Fortunately, the head cold hasn’t prevented my from attending work, the cinema, the pub, restaurants, the gym, and other places where malfeasant bugs can mix and mingle. At the cinema I have seen Christine and T2 Trainspotting, and I watched Birdman on Netflix.

I found Christine a little boring; I think biopics can often be a bit duff, being reliant on real life for their plots, and, in this case, the subject was only interesting on account of one final act. I sympathized with her during her descent into mental illness, but beyond that I didn’t think the film was really saying anything other than: isn’t it sad that this person killed herself live on television. Unfortunately for Christine, as significant and important as she thought the work she was doing was, it wasn’t either of these things. She was a hack. One particular criticism of the movie was I didn’t understand why they went to the hospital after the attempt (obviously I understand why they attempted to revive her in real life) when the attempt was such a natural ending point. The subsequent scenes, which suggested, I think speciously, that the reason she killed herself was that, unlike the other characters, she had no coping mechanisms, added nothing to the story.

Serendipitously, Birdman also featured a public suicide attempt. I enjoyed this film a lot; I thought the story unwound in an increasingly ominous way right until the ambiguous ending. Unlike Christine, the Michael Keaton character was unsuccessful in his public suicide attempt. I enjoyed the moments he spent on stage before pulling the trigger. At this point, he has the loaded gun, and he isn’t wearing the blood-bag. I thought: what if he changes his mind? Does he still shoot himself rather than risk ruining opening night? Perhaps that is what happened, as that would explain why he shot himself in the nose rather than through the brain. I would suggest that anyone considering suicide gives themselves an easier opt-out than this.

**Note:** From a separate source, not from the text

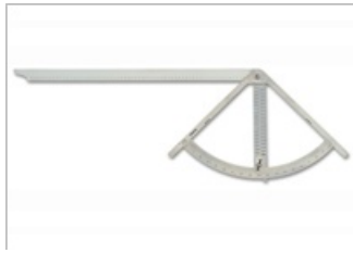
Made of stainless steel

One of the fastest marking methods is marking with the Scribing Tool Alpha, also known as the Alpha Angle. The Alpha Angle can be used for all types of joinery and has proven itself a thousand times over, both when scribing shifters, hip rafters and straight stairs, as well as when scribing single and double offsets. Positioning cradles and similar aids are no longer required.

And now to Trainspotting. I had watched the original on DVD a few days before seeing the new one at the Grosvenor, and enjoyed it thoroughly. It is a film that just works. The surrealist scenes do not disturb its realism. It is funny, entertaining; it is unforced. The music is great, the sets and costumes are superb (and remember, nobody dressed like that in the mid-90s.) The sequel disappointed on every level. It consciously self-referential, lacking in plot, unrealistic in a pointless way, and, while not quite boring, lacking any of the quirkiness of the original. The Begbie character, probably the weakest link in the original, dominates the latter half of the movie, and it becomes a substandard action/horror movie. And the funny bits aren’t funny. Basically, if this wasn’t Trainspotting, it would be straight to Netflix, or whatever happens to duds now that Woolworths is not extant.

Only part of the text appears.